Tuesday Art Day: Vosskah

I’ve been trying some different experiments with my art lately, mostly centered around getting away from so many lines. I have a bunch of stuff in the works that’s in this vein, but this is one of them I did of Voss a few weeks back. I’m pretty happy with it, as far as “experimental sketches” go! If you look closely, you can see there’s a Naaru-esque pattern on his tentacle rings, something perhaps Voss himself wouldn’t necessarily wear, but I thought they looked too plain otherwise and I’d always imagined draenei jewelery contains a fair amount of embellishment and personal meaning.

Mage Class Talent Changes From Blizzcon 2011

I spent the whole day liveblogging and hardly had time to stop and consider changes (until now) but I’d really like to talk about the most drastic change proposed for the upcoming expansion: all new Class Talent systems. (I’m not even going to touch the Panda controversy for the time being).

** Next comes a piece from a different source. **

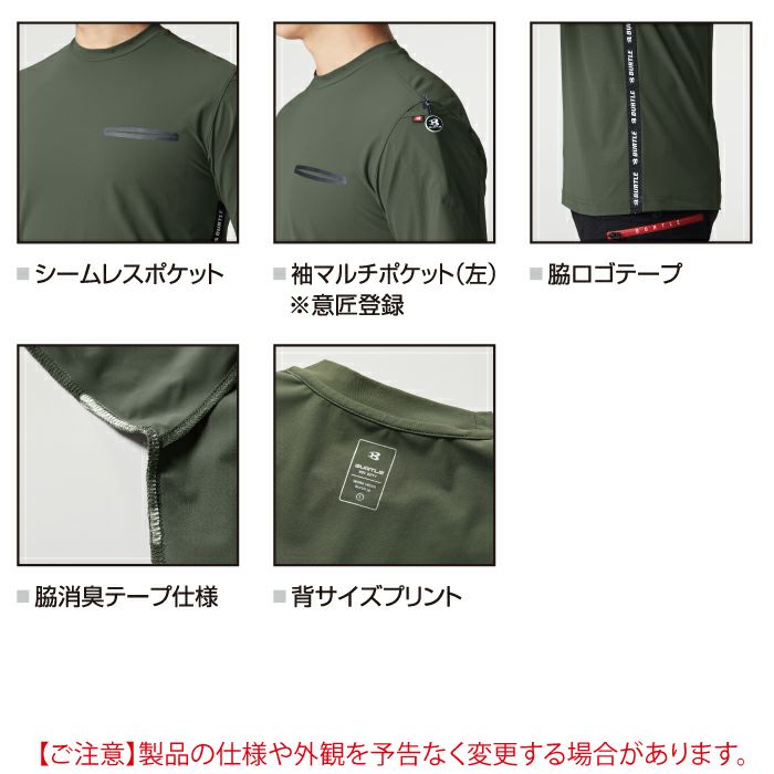 ユニセックス ストレッチ 保温 バートル BURTLE 作業着 インナー 2024秋冬新作 4103 ホットフィットTシャツ S-XXL 作業服 おしゃれ ドライ 消臭 保温

Talent trees as we know them are going away, to be replaced by a single choice of talent point every fifteen levels. What’s especially relevant about these is that they aren’t specific to any one spec of mage. So for example, you could be a Fire mage with Slow, or a Frost mage with Blast Wave. Transcribed below are a few quotes from Ghostcrawler during the Mage portion of the Class Talent panel. Apparently we are the poster children for this new system, because traditionally many of our utility spells were located in the Frost tree. The only thing I really have misgivings about is that none of these talents are DPS increasing talents at all. Don’t freak out about that, because they said specifically that in most cases, talents you know and love are simply going baseline for a spec. Or hopefully, we’ll be balanced so that our damage is just part of being a mage, and the choices are fun utility things. I say “hopefully” because it seems to me as if some of the “choices” warlocks and other classes get to make aren’t just fun utility things, but rather are specific DPS increases (a more powerful warlock pet? The opportunity to have a second pet out for a certain length of time?)

Most of the spells represented here are things we’ve already seen or have, and the major change is that we’ll be able to choose them. The other big thing is that not only will we be able to choose them, but they’ll be “as easy” to swap as Glyphs currently are. What does this mean for the modern mage? Well, suppose you need to slow Shannox’s dogs. No problem – choose Slow as your T6 talent for a given fight. On the next fight, you would like to have an AoE slow – okay, take Blast Wave. (Presently Blast Wave also lays down a Flamestrike for a Fire mage – I can only hope that will persist but it’s tough to say at this point).

I’m going to come down firmly on the side of “cautiously optimistic,” as I usually am. I’m not entirely sure how this will all look at the other end, but at the moment I’m intrigued. Here’s what Ghost Crawler had to say about us.

“Mage is a great example of a class that worked really well with this talent system because historically we had a lot of the most fun abilities for crowd control, survivability, and utility in Frost and then we always had trouble increasing their damage because they had so much utility here. So we figured it would be a lot of fun just to take the utility, put it throughout the talent tree and then let Frost do different types of damage (because obviously you’re doing Frost here) than Arcane and Fire.

In this brave new world, Arcane Blast is Arcane only, Fireball is Fire only, and Frostbolt is Frost only. I know, it’s crazy.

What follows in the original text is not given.